In response, Packer pushed back on the terminology itself, arguing that “short-term” and “long-term” memory are imprecise labels. Instead, he described Letta’s approach in terms of in-context versus out-of-context memory. Building on their earlier MemGPT research out of Berkeley, Packer explained that what is often described as long-term memory is stored as discrete memory blocks that are selectively pinned into the model’s context window. Those blocks, he added, are capped in size by default — for example, to a fixed character limit — allowing developers to constrain how much memory is surfaced at any given time.
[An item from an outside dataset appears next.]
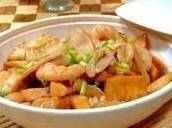 材料:蝦肉60克,鮑片40克,鮮魷80克,茭白200克,油炸豆腐100克,冬筍片50克,烹調油適量,清水適量,大蒜30克,薑片6克,蠔油20克,醬油10克,紹酒15克,雞粉2克,白糖10克,胡椒粉少許
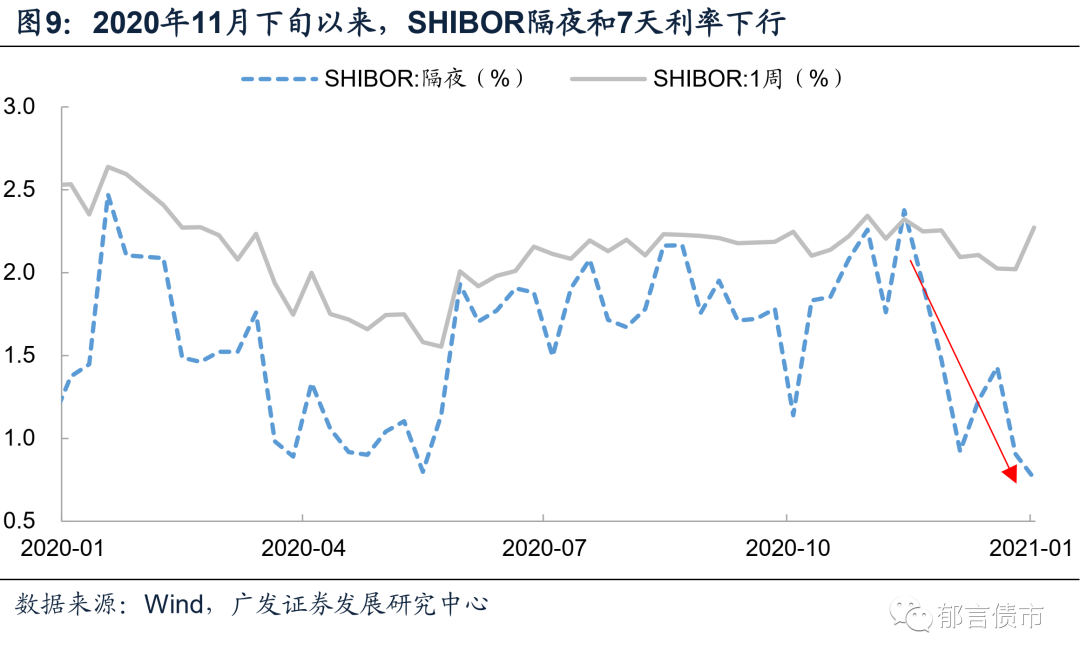 11月30日,央行意外投放2000亿元MLF,流动性明显转松。12月15日央行投放9500亿元MLF,创单次投放记录,扣除当月6000亿元MLF到期,净投放3500亿元。2020年12月最后一周,SHIBOR隔夜周度均值下行15bp至0.76%,连续七周均值位于2%以下;SHIBOR 7天也围绕2.2%附近波动。

“We're heavy users [and] big fans of Claude Code at Letta, and we're not trying to innovate at the UI layer, we're innovating at the ‘memory’ (context engineering) layer,” Packer wrote. “So it helps to have the UI actually look quite similar, so you can focus on the real intended difference (the memory system in Letta being better than in Claude Code).”

When memory becomes infrastructure

The emphasis on long-term memory, while important, raises practical questions about how that memory is managed. Persistent context can be powerful, but it also introduces new challenges around verification, maintenance, and collaboration. Memories may need to be reviewed, shared across teams, or updated as systems evolve and assumptions change.

That tension is beginning to surface across the ecosystem. Platforms like Tessl, for example, are exploring how structured context and shared knowledge can be treated as first-class artifacts, with their own lifecycle and governance.

From that perspective, Letta Code highlights both the promise and the complexity of memory-driven development: remembering is useful, but deciding what should be remembered — and for how long — becomes a new layer of engineering work.

It’s also worth noting that Letta is not alone in pushing toward more open, model-agnostic coding agents. There’s Kilo Code, for starters, which is also pitched as an open source, model-agnostic coding agent that sits above the model layer versus locked to a single provider.

But together, these efforts point to a broader shift away from monolithic, vendor-bound assistants and toward agent architectures where tooling, context management, and execution strategy increasingly matter as much as the underlying model.

As coding agents take on longer-running roles, tools like Letta Code and its ilk highlight a shift away from disposable, session-based assistants toward more durable software collaborators. Whether that model scales cleanly may depend less on how powerful individual models become, and more on how well teams learn to manage memory, context, and agency over time.